Suzuki Takahiro
Department of Hematology, Kitasato University School of Medicine.
Rinsho Ketsueki. 2024;65(9):884-891. doi: 10.11406/rinketsu.65.884.
Myelodysplastic neoplasms (MDS) are clonal hematological malignancies arising from gene mutations. Immunosuppressive therapies (IST) are effective in lower-risk MDS (LR-MDS) with characteristics such as hypoplastic marrow with low blasts or low ring sideroblasts, and with a small increase of PNH clones or decrease of megakaryocytes. Differential diagnosis of these LR-MDS cases from AA can be difficult, and precise diagnosis requires careful evaluation of bone marrow cellularity and dysplasia. To decide on an appropriate treatment strategy for LR-MDS, it is important to evaluate the underlying pathology, and preferentially select IST as first-line therapy in patients with features that indicate immune-mediated bone marrow failure.

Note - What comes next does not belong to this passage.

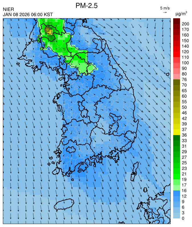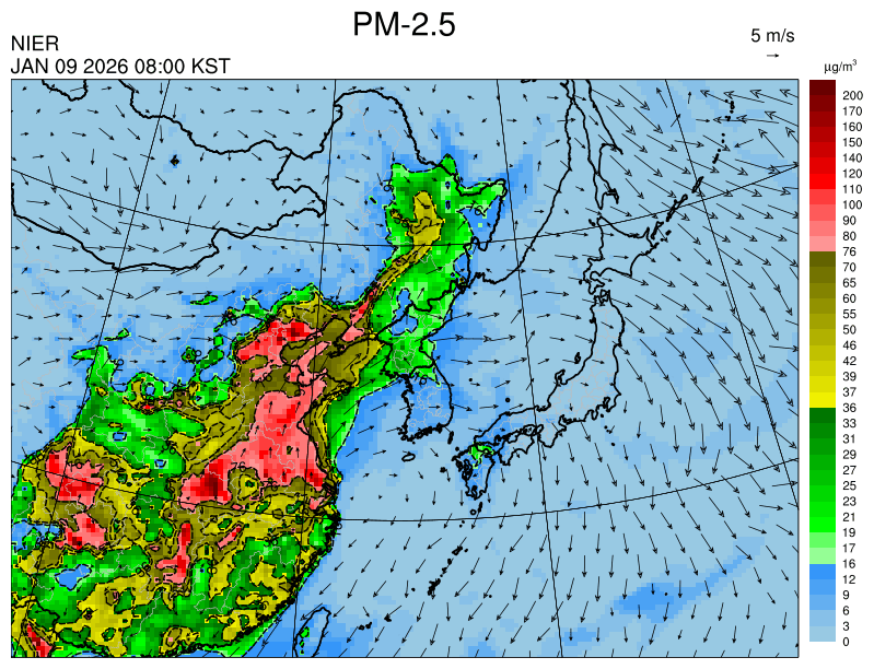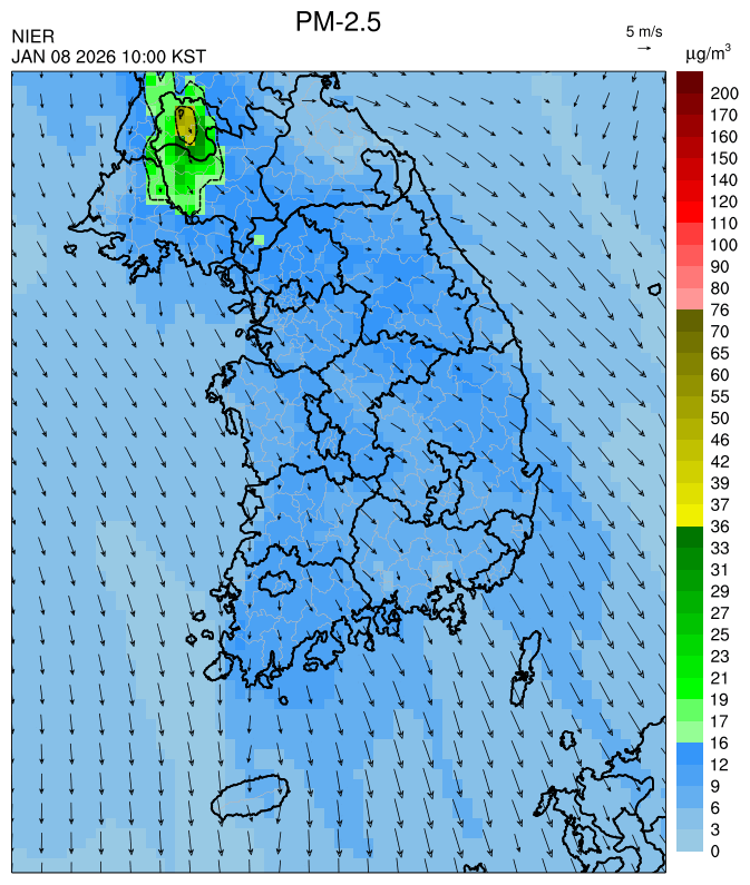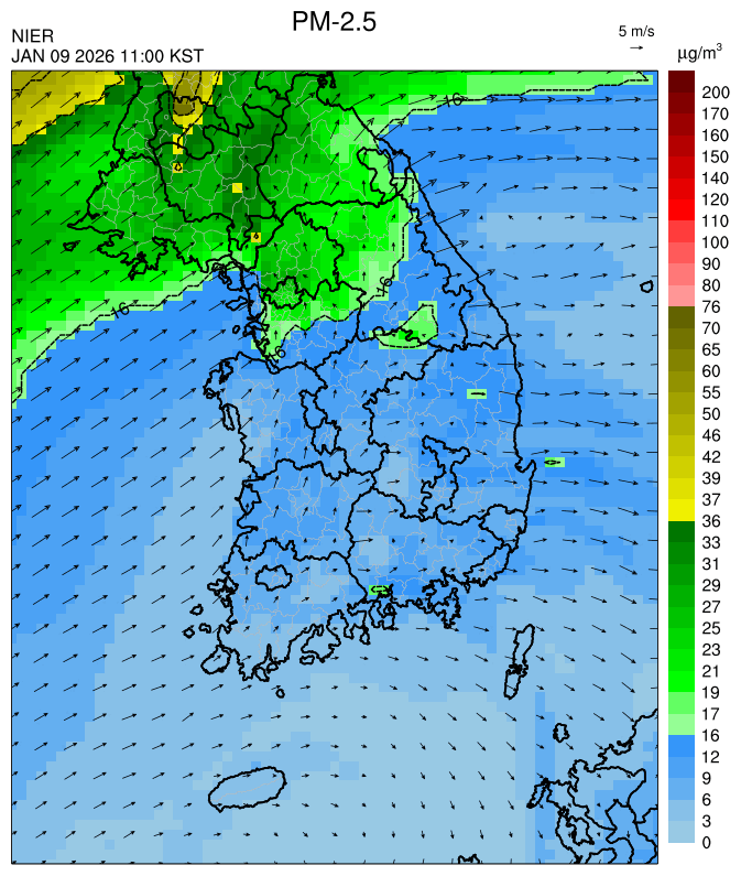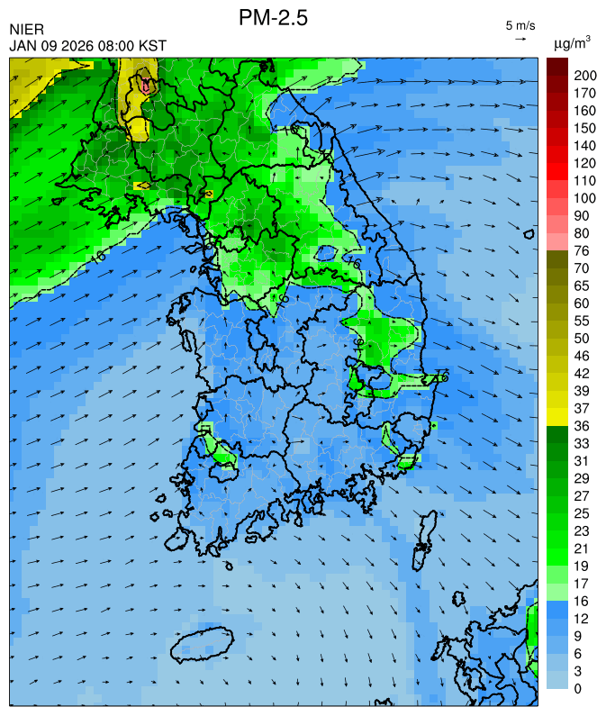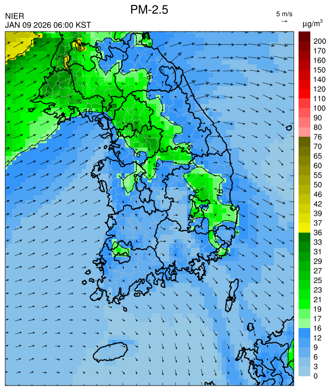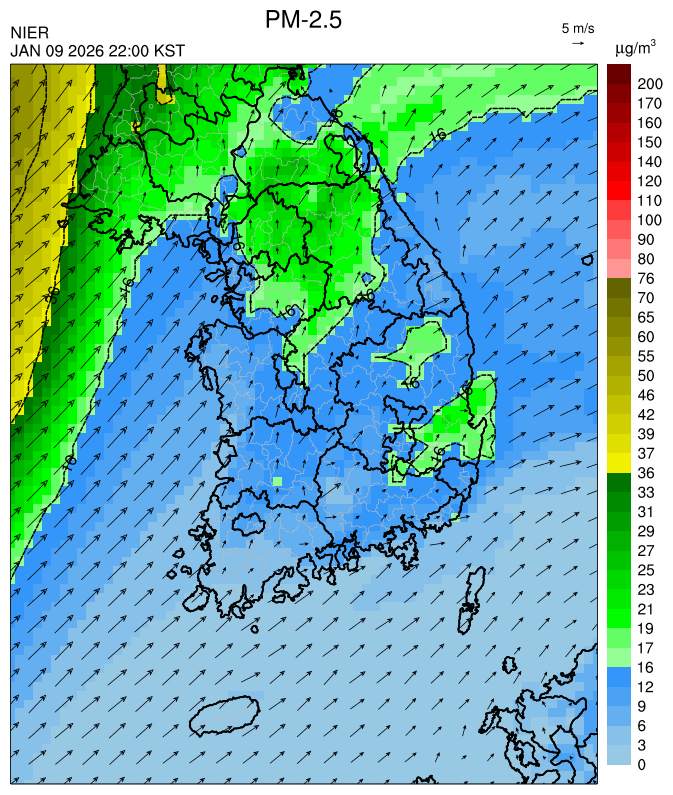 ○ 대부분 중서부 지역은 오전에 기류 수렴과 대기 정체로 국내 발생 미세먼지가 축적되어 농도가 상승하겠으나, 낮동안 연직(상·하층) 확산으로 농도가 감소하여 일평균은 '보통'으로 예상되며, 그 밖의 지역은 청정한 남서 기류 및 원활한 연직 확산의 영향으로 일평균 '좋음'으로 예상됩니다.

骨髓增生异常肿瘤(MDS)是由基因突变引起的克隆性血液系统恶性肿瘤。免疫抑制疗法(IST)对低危MDS(LR-MDS)有效,其特征包括骨髓发育不良伴原始细胞低或环形铁粒幼细胞低,以及阵发性睡眠性血红蛋白尿(PNH)克隆轻度增加或巨核细胞减少。将这些LR-MDS病例与再生障碍性贫血(AA)进行鉴别诊断可能具有挑战性,准确诊断需要仔细评估骨髓细胞密度和发育异常情况。为LR-MDS确定合适的治疗策略时,评估潜在病理情况很重要,对于具有免疫介导的骨髓衰竭特征的患者,应优先选择IST作为一线治疗。